With higher costs and therefore restricted margins, confusion around VAT status could be putting off property investors from capitalising on a less optimistic market – but ‘alt-fi’ can remove worries about that potential extra 20%, says Freddie Digby, CCO of Adsum.

Commercial property has always been a wise, if turbulent, asset to invest in, with consistent historical market growth – fuelled in large part by the rise of e-commerce and dwindling supply. Yet, according to Carter Jonas, this may start to slow as businesses reduce their spending and in turn, profits for property investors shrink.

In May, falling Amazon profit forecasts caused a tumble in commercial property stocks due to reduced demand for warehouses, and now rising interest rates may start to punish investors who jumped in at the top of the market.

For office space, Greater London is still the epicentre – but changes hint at limited cash flow. The city’s edges in the southeast are seeing the most extensive growth at 2.1% to May 2022 compared to the centre’s increase of 0.7%, which could highlight that businesses looking for a new office market may not have the cash to expand into that central, expensive London postcode. This, in turn, could impact investors’ margins.

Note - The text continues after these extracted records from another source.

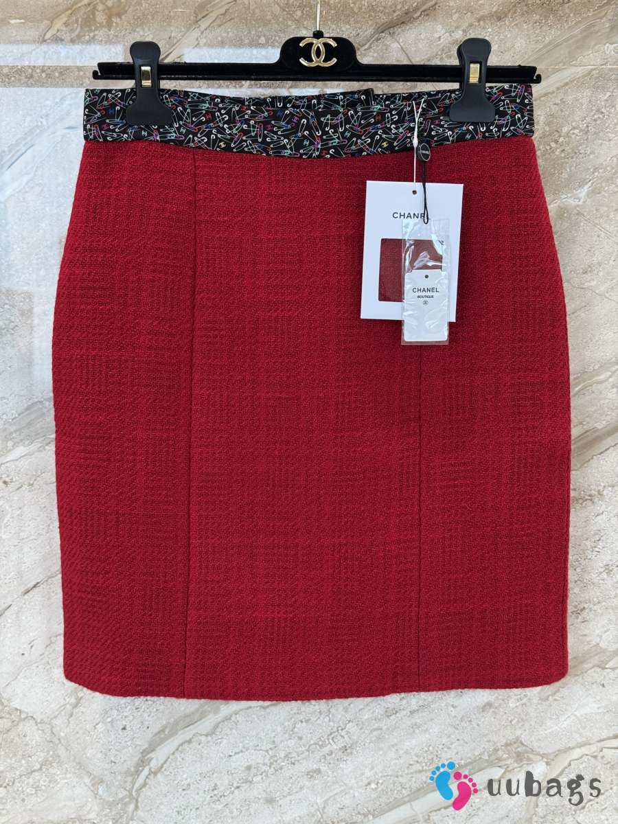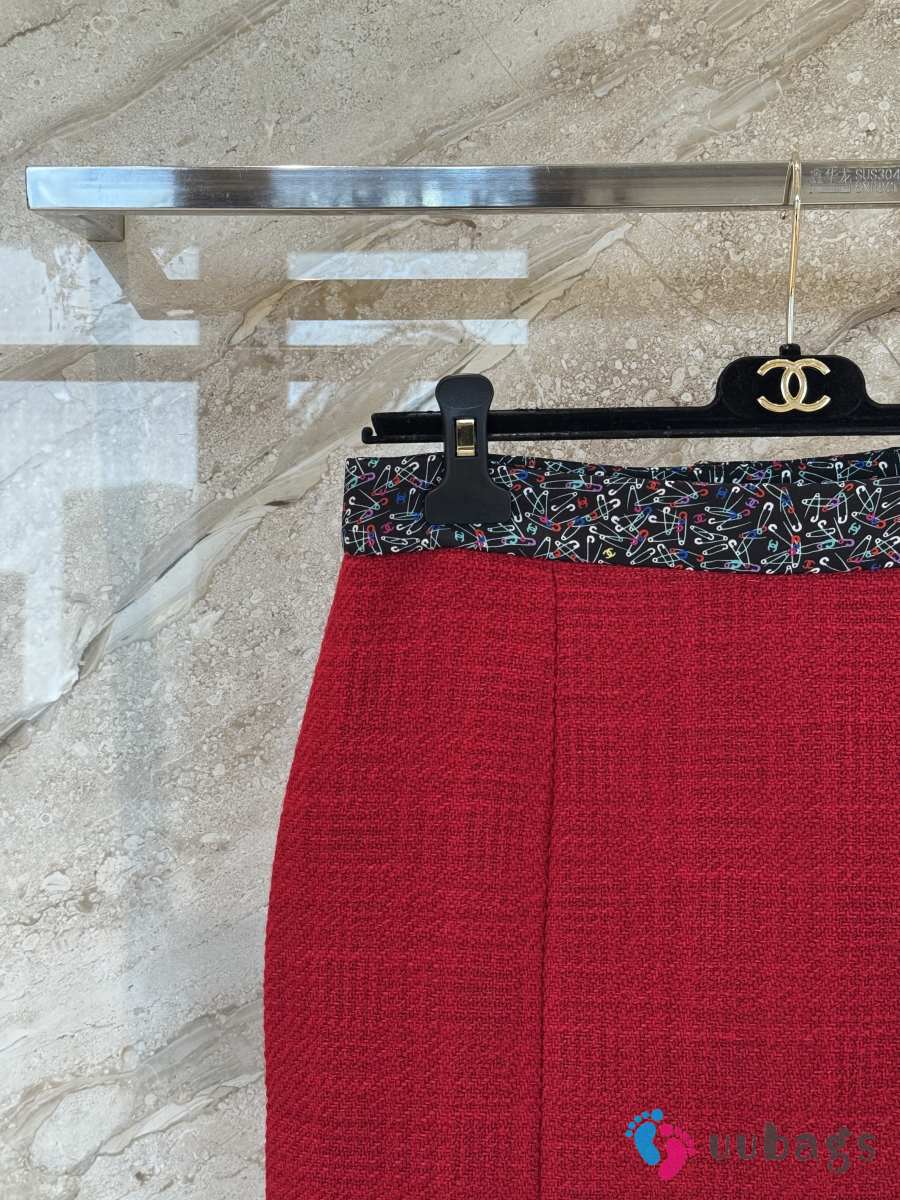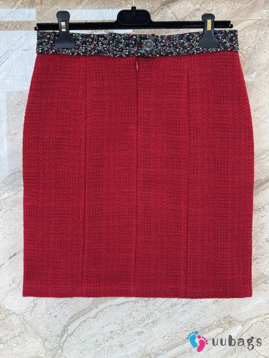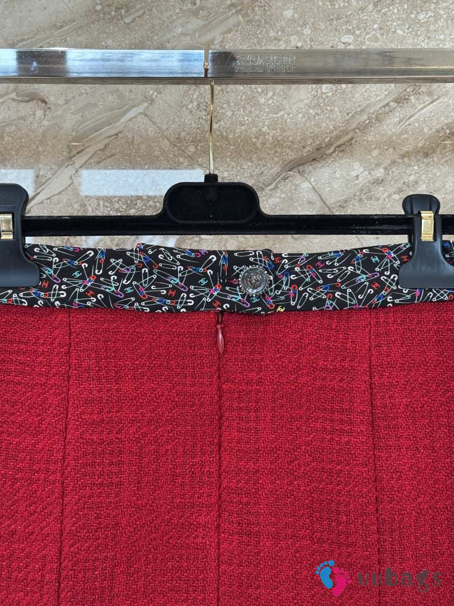 Uubags Chanel Tweed Jacket & Skirt Set In Red Wool Blend
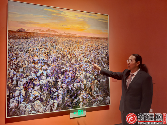新疆艺术学院美术学院教师马勇介绍自己的作品《新疆棉——沃野》(薛玲摄)
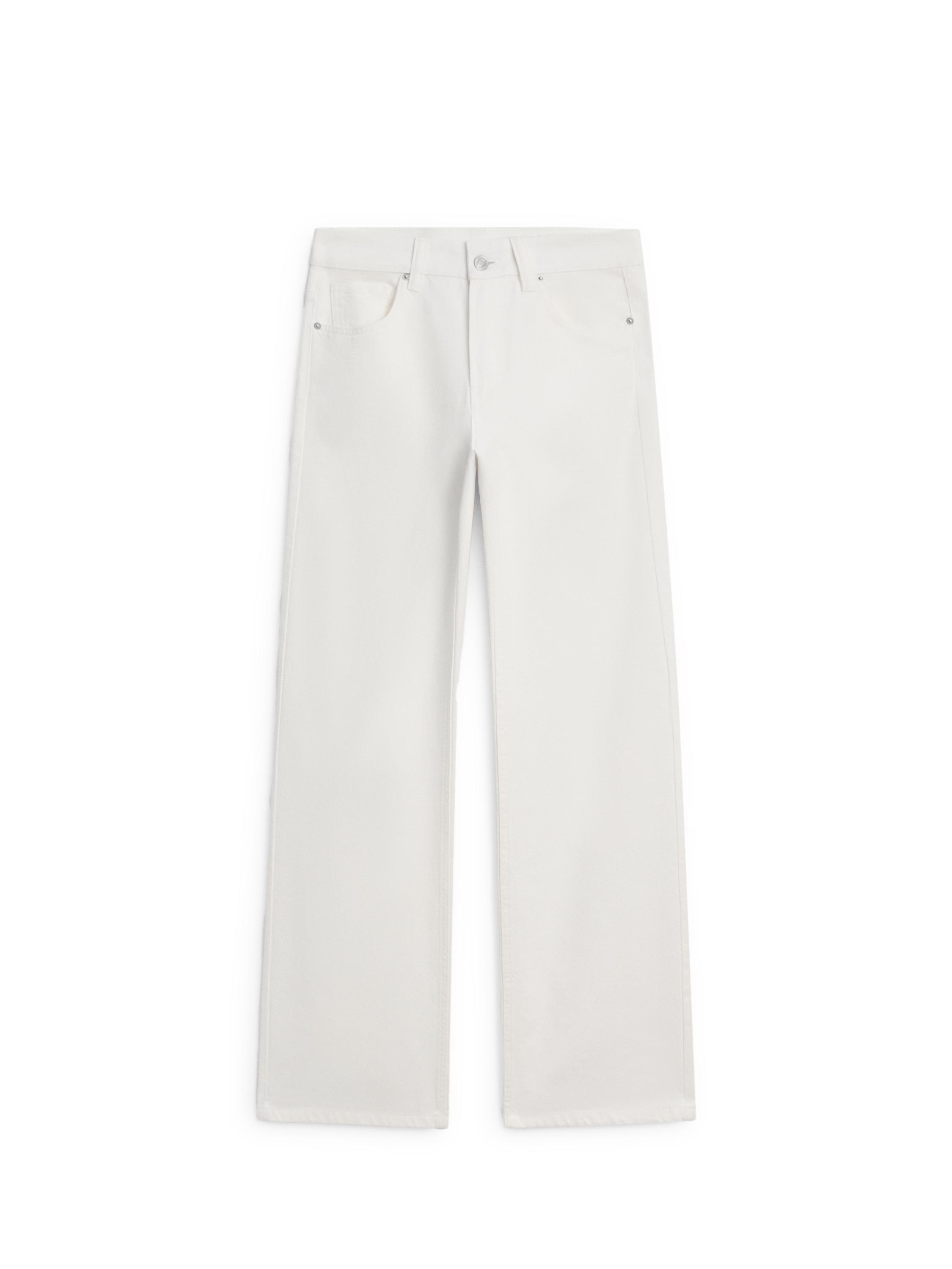 Beyaz rengi, klasik kesimi ve yüksek beliyle bu jean, temiz ve sade bir kıyafet parçası olarak dikkat çeker. Uzun govdeli tipler için idealdir çünkü vücut hatlarını dengeler ve uzunluğu gövdeyi daha dengeli gösterir. Günlük kullanım için çok uygun olup, ofis-sonrasi bulusmalarda veya hafif bir yemek gezisinde de rahatça giyilebilir. Beyaz tisort ve yüksek bel jean ile kombinleme en etkili seçeneklerden biridir; aynı zamanda açık mavi bluz ve deri ayakkabıyla da şık bir görünüm elde edilebilir. Siyah deri kemer ve beyaz sneaker ile tamamlayarak daha da minimalist bir look oluşturabilirsin. Katlanmadan asmali, nemli ortamlardan uzak tutmalı ve iki katlı kumağın dayanıklılığını korumak için dikkatli yıkamalısınız. İç katman olarak da kullanılabilir, kuru hava günlerinde hafif bir ceketle beraber rahatça giyilebilir.

With so much market turbulence, VAT becomes an obstacle to market confidence. The extra 20% paid on completion of new builds can be a significant additional cost and if the property is over three years old, the confusion around its status is still a concern. Without payment, sales can’t complete, and with additional costs raised by a fifth, deals may fall through.

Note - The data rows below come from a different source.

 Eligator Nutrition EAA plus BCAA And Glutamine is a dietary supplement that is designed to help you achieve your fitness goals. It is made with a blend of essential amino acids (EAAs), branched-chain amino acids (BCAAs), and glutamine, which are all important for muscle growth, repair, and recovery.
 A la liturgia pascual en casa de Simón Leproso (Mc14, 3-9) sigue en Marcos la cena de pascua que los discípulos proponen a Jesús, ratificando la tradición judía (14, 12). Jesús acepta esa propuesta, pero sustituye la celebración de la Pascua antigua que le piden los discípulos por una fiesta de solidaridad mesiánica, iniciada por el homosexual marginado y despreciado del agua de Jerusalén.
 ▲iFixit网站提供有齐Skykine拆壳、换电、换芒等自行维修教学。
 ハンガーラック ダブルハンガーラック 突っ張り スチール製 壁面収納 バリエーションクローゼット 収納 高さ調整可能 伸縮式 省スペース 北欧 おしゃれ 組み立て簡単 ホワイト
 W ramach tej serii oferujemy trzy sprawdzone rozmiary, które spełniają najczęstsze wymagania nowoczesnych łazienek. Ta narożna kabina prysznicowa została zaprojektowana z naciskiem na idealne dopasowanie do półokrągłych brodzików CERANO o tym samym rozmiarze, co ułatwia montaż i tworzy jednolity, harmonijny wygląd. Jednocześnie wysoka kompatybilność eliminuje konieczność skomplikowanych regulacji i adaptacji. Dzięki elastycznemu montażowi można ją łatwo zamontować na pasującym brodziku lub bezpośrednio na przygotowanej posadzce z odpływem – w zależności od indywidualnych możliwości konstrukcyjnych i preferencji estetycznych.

The challenge is finding out the exact VAT status of the building as this depends on a multitude of factors, including its deal history and the status of any commercial renters currently letting the property.

Technically, HMRC can help in two ways. Firstly, by opening an investigation into its VAT status – but investors often do not have time for this in such a rapidly moving market. Alternatively, HMRC can refund the 20% after completion; however, many will not be able to continue operating with such a dent in cashflow.

However, tech-savvy property investors should not worry about this potential extra cost. Instead, they can leverage it as an asset to secure immediate capital should they have to pay VAT. A vibrant, new generation of the so called ‘alternative-finance’ (alt-fi) fintechs can put up HMRC’s refund upfront – ensuring on-demand, consistent and calculatable cashflow without waiting for HMRC.

Freddie Digby comments: “Investing in commercial property has traditionally been a promising asset class if one of the more complicated. The VAT status of a building, or a shop or office within a building, is seldom clear cut. To make matters worse, there is a significant knowledge gap on the issue.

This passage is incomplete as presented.